I tested with that yes, I can try remove the already programmed totals
and see if it's only 0x300c that makes a difference

>
> > Also, be careful about register 0x300c which you don't seem to program
> > at the moment.
>
> I do, it's register 0x342.

Do you know why registers are mirrored ? I haven't find any reference
to register shadowing in the manual.

>
> > And it seems the integration time depends on this register value
> >
> > - CIT = 0x3012
> > - LLPCK = 1/2 × reg_300C
> > - Integration Time = (CIT × LLPCK) / pix_clk
> >
> > Are you able to control exposure properly with your version ?
>
> Definitely.
>
> >> +static int ar0521_set_gains(struct ar0521_dev *sensor)
> >> +{
> >> + int green = sensor->ctrls.gain->val;
> >> + int red = max(green + sensor->ctrls.red_balance->val, 0);
> >> + int blue = max(green + sensor->ctrls.blue_balance->val, 0);
> >
> > unsigned ?
>
> The ctrls.* (R and B) can be negative. I'm not sure mixing types here
> would be the right thing (I'd have to check with the C standard, and
> anyone reading this later would probably need it as well).
> With signed ints it's simply correct.

Ah, I missed the v4l2 ctrls definition.

>
> >> + unsigned int gain = min(red, min(green, blue));
> >> + unsigned int analog = min(gain, 64u); // range is 0 - 127
> >
> > Nit: when possible declare variables in reverse xmas-tree order
>
> Not very possible here, right? Unless you want to split into
> declarations and calculations. Readability IMHO suffers.

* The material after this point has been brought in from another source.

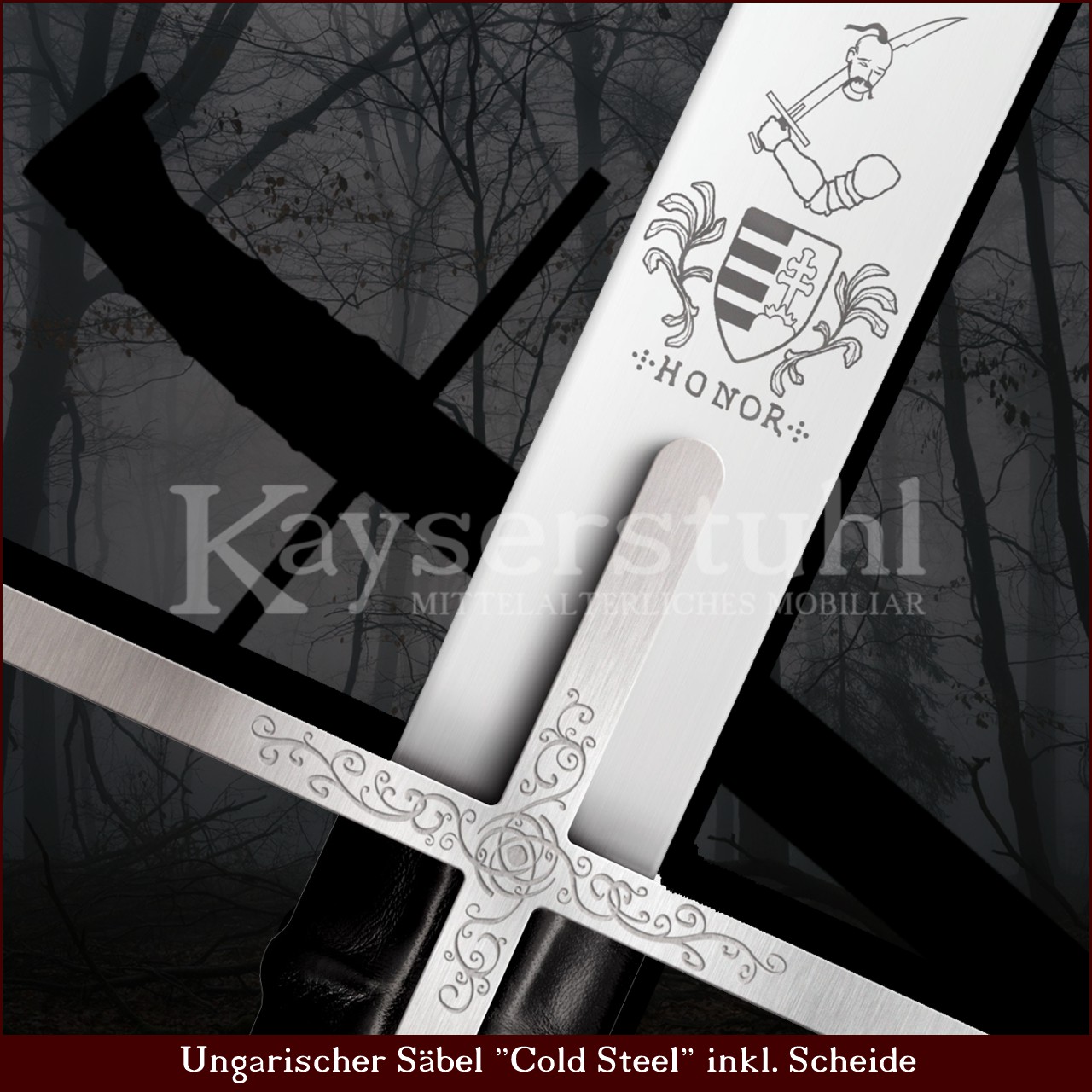 Für ihre eigene Version ließ sich die Firma Cold Steel® von antiken Stücken aus privaten Sammlungen inspirieren. Die Klinge aus Karbonstahl 1055 ist auf Federhärte angelassen und würde den britischen Proof Test (Schwerttest) bestehen. Dieser wunderschöne Säbel kommt mit einer Stahlscheide mit zwei Tragringen und kann somit einfach am Sattel oder Gürtel befestigt werden.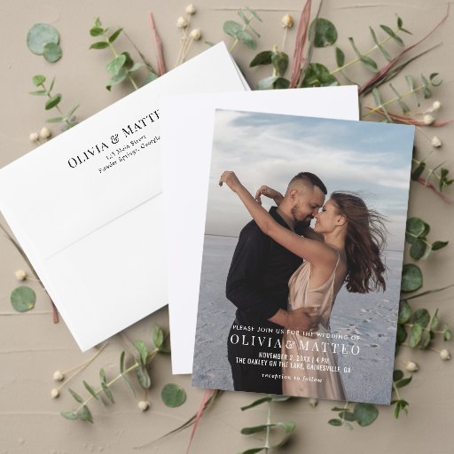 Incômodo na sofisticação do eterno com o nosso convite clássico para casamento de fotos. O convite apresenta uma fotografia pessoal do casal. Itens correspondentes disponíveis.

Not here, but in general it is.

>
> >> +static int ar0521_write_mode(struct ar0521_dev *sensor)
> >> +{
> >> + __be16 pll_regs[] = {
> >> + be(AR0521_REG_VT_PIX_CLK_DIV),
> >> + /* 0x300 */ be(4), // vt_pix_clk_div = number of bits / 2
> >> + /* 0x302 */ be(1), // vt_sys_clk_div
> >> + /* 0x304 */ be((sensor->pll_pre2 << 8) | sensor->pll_pre),
> >> + /* 0x306 */ be((sensor->pll_mult2 << 8) | sensor->pll_mult),
> >> + /* 0x308 */ be(8), // op_pix_clk_div = 2 * vt_pix_clk_div
> >> + /* 0x30A */ be(1) // op_sys_clk_div
> >> + };
> >> + u32 num = sensor->current_frame_interval.numerator;
> >> + u32 denom = sensor->current_frame_interval.denominator;
> >> + int ret;
> >> +
> >> + dev_dbg(&sensor->i2c_client->dev, "%s()\n", __func__);
> >
> > tracepoints debug are not that useful if they do not report what has
> > been written, aren't they ?
>
> This is only to see what the upper layer is doing. I have already
> removed (moved to private commit) the I2C write debug routine. Out of
> sight, out of mind :-(
>
> > I comment here but that's mostly about the exposure control
> > definition. You initialize it with a value of 1, which means 1 line of
> > exposure which result in very dark images. I know userspace should be
> > in control of this, but a more sensible default value should probably
> > be used. Do you have a 'default' mode ? Could you set the default
> > exposure to something a bit larger (I know it's hard to define what a
> > sensible value could be, but 1 line is certainly very small)
>
> What do you propose?

Being this a raw sensor, it's probably fine to assume exposure will be
manually adjusted later. I'll defer this to maintainers.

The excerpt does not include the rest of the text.